Turning Point Action, a conservative pro-Trump organization, paid Kimberly Guilfoyle $60,000 to introduce her fiancé, Donald Trump Jr., in a speech lasting less than three minutes at the “Stop the Steal” rally at the Ellipse in Washington on January 6, 2021, according to multiple people familiar with the payment.
The payment to Guilfoyle was disclosed Monday by Democratic Rep. Zoe Lofgren of California, who told CNN’s Jake Tapper that the House select committee investigating the January 6 riot at the US Capitol has evidence that former President Donald Trump’s family members personally benefited from money raised based on Trump’s false election claims.
Lofgren spoke after the committee’s hearing on Monday highlighted $250 million raised by the Save America PAC and the Trump campaign.
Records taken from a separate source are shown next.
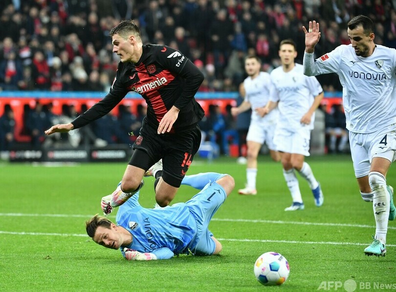 【12月21日 AFP】23-24ドイツ・ブンデスリーガ1部は20日、第16節の試合が行われ、首位バイヤー・レバークーゼン(Bayer Leverkusen)はパトリック・シック(Patrik Schick)が前半にハットトリックを達成するなどして4‐0でVfLボーフム(VfL Bochum)に快勝。VfLボルフスブルク(VfL Wolfsburg)に2‐1で勝利した2位バイエルン・ミュンヘン(Bayern Munich)との勝ち点4差を守った。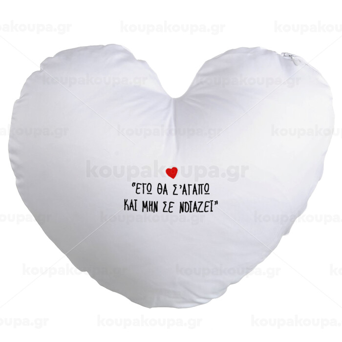 ΕΓΩ ΘΑ Σ’ΑΓΑΠΩ ΚΑΙ ΜΗΝ ΣΕ ΝΟΙΑΖΕΙ..., Μαξιλάρι καναπέ καρδιά 40x40cm περιέχεται το γέμισμα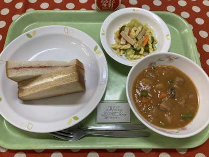 優しい味の二色サンドに、スパイシーなカレーサラダ、トマトの旨みがきいたポークシチュー、みんなよく食べました!

But those entities did not pay Guilfoyle’s fee, the people familiar with the payment told CNN. The payment came from Turning Point Action, an affiliate of Turning Point USA, the youth organization started by Charlie Kirk, who is a close friend of Trump Jr.
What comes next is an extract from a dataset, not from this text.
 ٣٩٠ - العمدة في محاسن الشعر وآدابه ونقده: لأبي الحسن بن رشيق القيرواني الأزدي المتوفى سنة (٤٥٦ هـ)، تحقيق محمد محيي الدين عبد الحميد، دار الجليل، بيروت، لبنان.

The Turning Point Action donor whose money was used to pay for Guilfoyle’s speaking fee was Julie Jenkins Fancelli, heiress to the Publix supermarket chain, according to two sources familiar with the matter.
A third source familiar with testimony by Fancelli before the select committee told CNN that Lofgren’s description of the donor fits Fancelli’s situation as a major donor to Turning Point Action. The congresswoman told CNN that “the major donor to that was a woman who took the Fifth Amendment when she was interviewed by us who specifically excluded speaker’s fees from her donation.”
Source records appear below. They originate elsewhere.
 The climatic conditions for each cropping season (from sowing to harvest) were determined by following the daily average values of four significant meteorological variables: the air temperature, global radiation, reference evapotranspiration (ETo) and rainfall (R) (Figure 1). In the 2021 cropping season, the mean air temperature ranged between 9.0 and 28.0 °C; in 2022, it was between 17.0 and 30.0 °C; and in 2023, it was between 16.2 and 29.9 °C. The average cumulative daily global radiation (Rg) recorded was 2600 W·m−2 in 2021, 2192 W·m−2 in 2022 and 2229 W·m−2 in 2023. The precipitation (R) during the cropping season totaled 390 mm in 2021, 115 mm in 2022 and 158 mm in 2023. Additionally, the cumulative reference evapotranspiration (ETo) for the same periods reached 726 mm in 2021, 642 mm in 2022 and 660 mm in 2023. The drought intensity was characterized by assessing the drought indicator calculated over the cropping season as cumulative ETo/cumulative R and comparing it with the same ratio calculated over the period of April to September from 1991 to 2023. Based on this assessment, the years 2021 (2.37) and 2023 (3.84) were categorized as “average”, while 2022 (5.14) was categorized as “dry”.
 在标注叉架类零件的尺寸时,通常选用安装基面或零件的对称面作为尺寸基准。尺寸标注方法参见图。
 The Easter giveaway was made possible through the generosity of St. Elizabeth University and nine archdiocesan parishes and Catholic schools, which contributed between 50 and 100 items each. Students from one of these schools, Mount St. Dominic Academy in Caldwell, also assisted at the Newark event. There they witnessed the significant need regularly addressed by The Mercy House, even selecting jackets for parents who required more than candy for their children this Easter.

Fancelli gave about $1 million to the group, and a proposal soliciting her donation said the money would go to busing students and social media influencers to the rally, and to video and other media production, the person familiar with her testimony said.
On Tuesday, Lofgren defended her previous comments about Guilfoyle’s fee during an interview with Wolf Blitzer, saying she didn’t think she had mischaracterized the payment since it came from part of the network connected to Trump.
“The question is, are Trump individuals benefiting from this whole enterprise of raising money around the so-called ‘Stop the Steal,’ ” Lofgren told Blitzer. “And the answer is yes.”
The committee declined to comment when asked whether Fancelli’s donation was the source of money used to pay Guilfoyle’s speaking fee. Neither Guilfoyle nor her attorney responded to requests for comment. Turning Point declined to comment.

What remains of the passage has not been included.